Applies batch normalization on a 4D (NCHW) quantized tensor.

y=xE[x]Var[x]+ϵγ+βy = \frac{x - \mathrm{E}[x]}{\sqrt{\mathrm{Var}[x] + \epsilon}} * \gamma + \beta
Parameters:
  • input (Tensor) – quantized tensor

  • weight (Tensor) – float tensor that corresponds to the gamma, size C

  • bias (Tensor) – float tensor that corresponds to the beta, size C

  • mean (Tensor) – float mean value in batch normalization, size C

  • var (Tensor) – float tensor for variance, size C

  • eps (float) – a value added to the denominator for numerical stability.
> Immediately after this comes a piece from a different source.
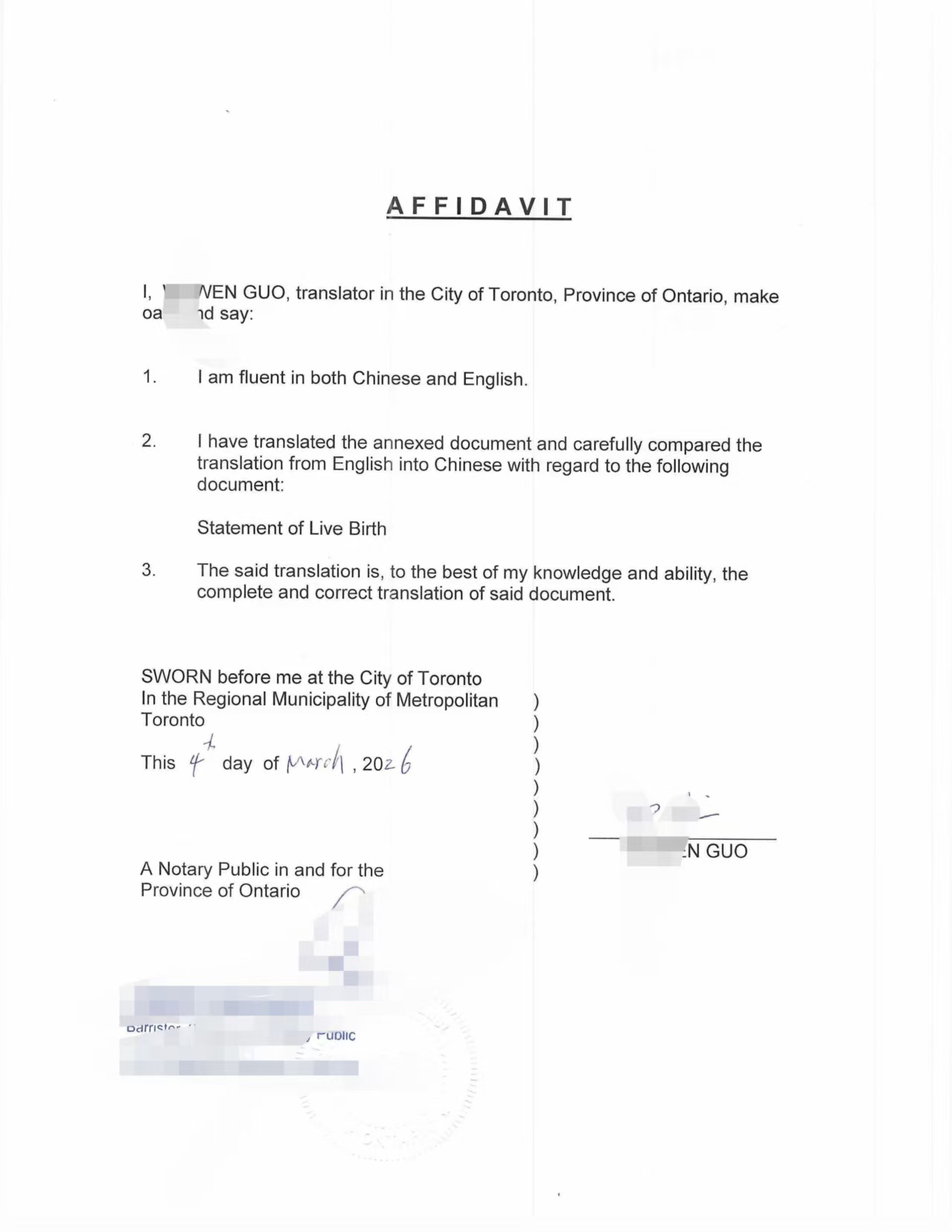 在办理过程中,我们首先完成出生证明英译中翻译,并由翻译人员出具翻译宣誓声明(Affidavit)。翻译宣誓文件中说明翻译人员精通中英文,并确认译文为对原文件的完整准确翻译。随后由安省公证人对翻译宣誓进行公证。

  • output_scale (float) – output quantized tensor scale

  • output_zero_point (int) – output quantized tensor zero_point

Returns:

A quantized tensor with batch normalization applied.

Return type:

Tensor

Example:

>>> qx = torch.quantize_per_tensor(torch.rand(2, 2, 2, 2), 1.5, 3, torch.quint8)
>>> torch.quantized_batch_norm(qx, torch.ones(2), torch.zeros(2), torch.rand(2), torch.rand(2), 0.00001, 0.2, 2)
tensor([[[[-0.2000, -0.2000],
      [ 1.6000, -0.2000]],

     [[-0.4000, -0.4000],
      [-0.4000,  0.6000]]],


    [[[-0.2000, -0.2000],
      [-0.2000, -0.2000]],

     [[ 0.6000, -0.4000],
      [ 0.6000, -0.4000]]]], size=(2, 2, 2, 2), dtype=torch.quint8,
   quantization_scheme=torch.per_tensor_affine, scale=0.2, zero_point=2)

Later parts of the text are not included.